YOUR OBJECTIVE: Line by line, set down the records below from the first line through the line containing "2年生の国語の授業の様子です". Omit the pictures.

DATA SECTION:
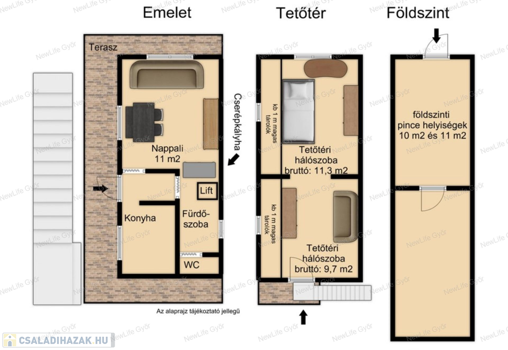 A ház méretei (fotók között alaprajz): pinceszint: 21 m2, emelet: 20 m2 + terasz, erkély, tetőtér: 21 m2. Redukált terület: kb. 50 m2.
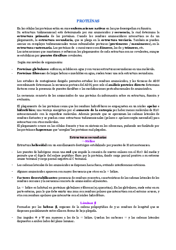 He publicado nuevos apuntes de 1º Bioquímica Estructural: resumen-proteinas-bq.pdf
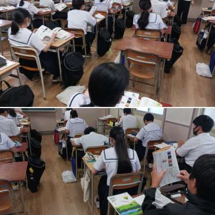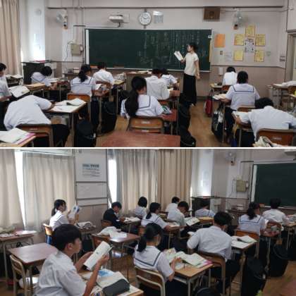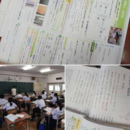2年生の国語の授業の様子です。「枕草子・徒然草」について学習しています。古典で見られる文法事項といっしょに、歴史的仮名遣い等を確認して文章の内容を認識しようとしています。
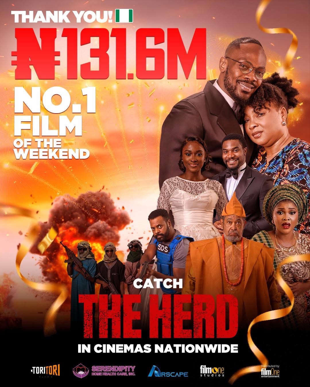 The celebrated actor-turned-director has achieved a major industry milestone with his feature film, The Herd, which dominated cinemas nationwide to become Nigeria’s number one movie, grossing an impressive ₦131.6 million in its debut weekend.
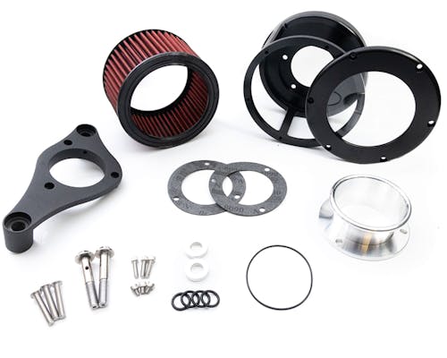 Feuling BAエアクリーナーは、内部にファンネル(ベロシティスタック)を設け、 インテークを長くし吸気流速を高めることで、 馬力・トルクの大幅な向上を見込むことが可能です。 ブローバイの機構が一体となったバックプレートを使用し、 別途フィルター類を設けないことで、一体型だからこそのスッキリとした見た目を実現。 また、再利用が可能な湿式エレメントを採用し、 メンテナンス性と機能性を併せもったキットとなっています。 その中でも"Race Series"は、元々バガーレースのエンジン用に設計されたもの。 通常のBAエアクリーナーと比べエレメントが約1インチほど厚く、30%もSIZE UPしています。 バガーレースにも参戦しているフューリングが送り出す、 レースパフォーマンスのハイフローエアクリーナーがついに上陸!! "Run the Best or Choke with the Rest" |
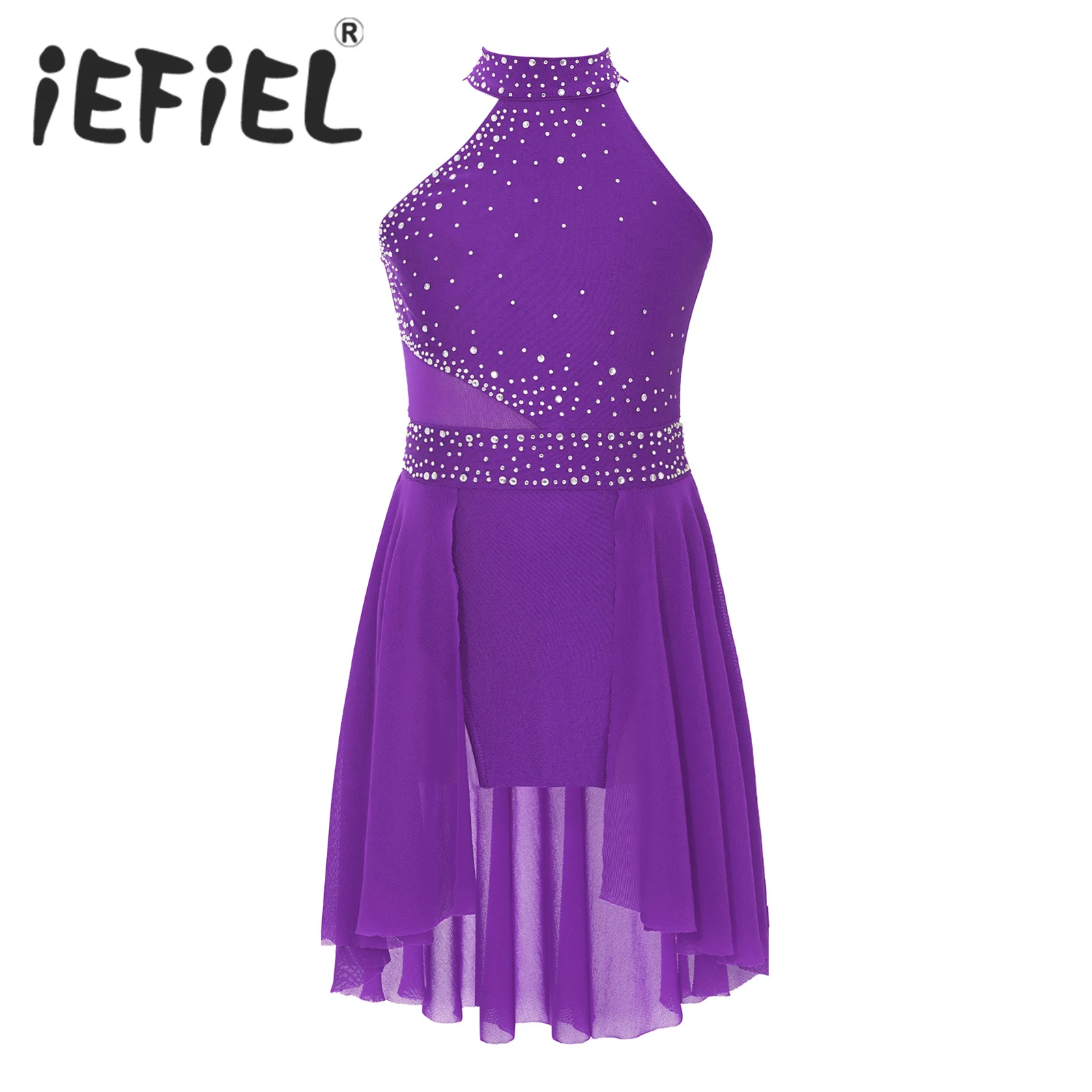 Женское блестящее платье для танцев, необычное платье без рукавов с асимметричным подолом, Костюм Балерины для выступления на сцене

SOLUTION:
 A ház méretei (fotók között alaprajz): pinceszint: 21 m2, emelet: 20 m2 + terasz, erkély, tetőtér: 21 m2. Redukált terület: kb. 50 m2.
 He publicado nuevos apuntes de 1º Bioquímica Estructural: resumen-proteinas-bq.pdf
2年生の国語の授業の様子です。「枕草子・徒然草」について学習しています。古典で見られる文法事項といっしょに、歴史的仮名遣い等を確認して文章の内容を認識しようとしています。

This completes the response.